# Question About Magic Jack



## wrenie (Jan 21, 2003)

Has anyone heard or does anyone know anything about this product known as magic jack? it is a devic that you put into your computer for telephone service. I am not sure about spending the money, but would love to lower my phone bills. Just wanted some input if anyone would have any. Thanks in advance. Wrenie


----------



## Elvandil (Aug 1, 2003)

http://forums.techguy.org/hardware/666750-magic-jack-voip-usb-interface.html?highlight=magic+jack
http://forums.techguy.org/tech-related-news/730720-magic-jack-phone-plug.html?highlight=magic+jack


----------



## wrenie (Jan 21, 2003)

Thank you for getting back to me so quickly, I'm not sure whether to try it yet or not. I'll have to think on it a while. It does sound too good to be true. Wrenie


----------



## wtxcowboy (May 25, 2004)

i'm sure it works fine, only drawback is you have to leave your pc ON all the time to receive or make calls etc


----------



## wrenie (Jan 21, 2003)

Thank you. That would be no problem, the only time I turn it off is if we have a storm.


----------



## txroze (Aug 13, 2008)

Magic jack is my only phone and my comp is also only off in storms.
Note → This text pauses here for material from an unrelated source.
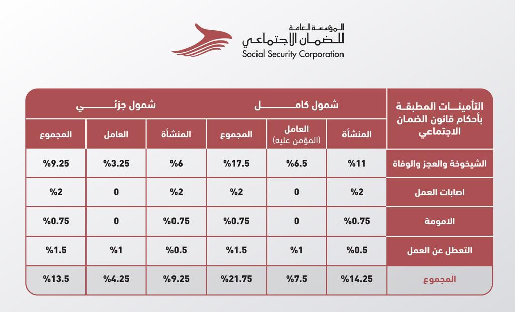 وبيّنت المؤسسة أن المنشآت المستفيدة من هذا البرنامج تلتزم بشمول العاملين لديها بتأمين الشيخوخة بشكل جزئي مقابل اشتراكات شهرية بنسبة (8.25%) تتحمل المنشأة من ضمنها (5٪) فيما يتحمل العامل (3.25%)، كما تلتزم بشمول العاملين لديها في باقي التأمينات، موضحةً أن جميع ما يترتب على المنشأة والمؤمن عليه العامل وفقاً لهذا البرنامج يصل إلى (13.5%) بدلاً من (21.75%)، مضيفةً أنها ستصدر تعليمات لتحديد المنشآت والقطاعات المتاح لها الاستفادة من هذا البرنامج.

Not safe to use phone then anyway. Ever so often I get a shaky connection but i just start over. Happened on cell phone also. I love Magic jack but will not be surprised if it goes up a little, but at $19.95 a year, I can afford it. txroze


----------



## JohnWill (Oct 19, 2002)

txroze said:


> Magic jack is my only phone and my comp is also only off in storms. Not safe to use phone then anyway.


Wireless phones pose no risk during a thunderstorm, it's the telephone wire that is the risky end.


----------



## vicks (Jan 31, 2005)

We have been using it for a few weeks now. Very happy with it...You can set it up with call forwarding to your cell phone when the computer is turned off.
Vicks


----------



## wrenie (Jan 21, 2003)

Thank you so much for your input. We have decided to give it a try. I can't wait to see how it works. Thanks again. Wrenie


----------



## andyjay (Sep 22, 2008)

I have Magic Jack and so far it has worked with no problems...I looked online for some reviews about the product and their were some people that bad mouthed it but then you will always have people that will not be happy. When you consider that it is basically free phone service (around $20 U.S a year) It is hard to beat. The only thing I find a bit annoying is that when I turn on my PC the next day (Magic Jack only works when PC is on) I have to unplug and then plug the Magic Jack back in the Usb port so my PC can detect the Magic Jack device. After that, it works fine. (By the way, does anyone know how I can solve that problem?) Please let me know.


----------



## txroze (Aug 13, 2008)

I think you may need to check with magic jack help because when my comp is turned on the first thing that returns is my magic jack. that is not very often cause mine is a die hard and is always on lol. Sorry wish i was of more help to you. Wanda/txroze


----------



## SIR****TMG (Aug 12, 2003)

http://www.magicjacksupport.com/ try using this link to all your magic jack questions and problems.


----------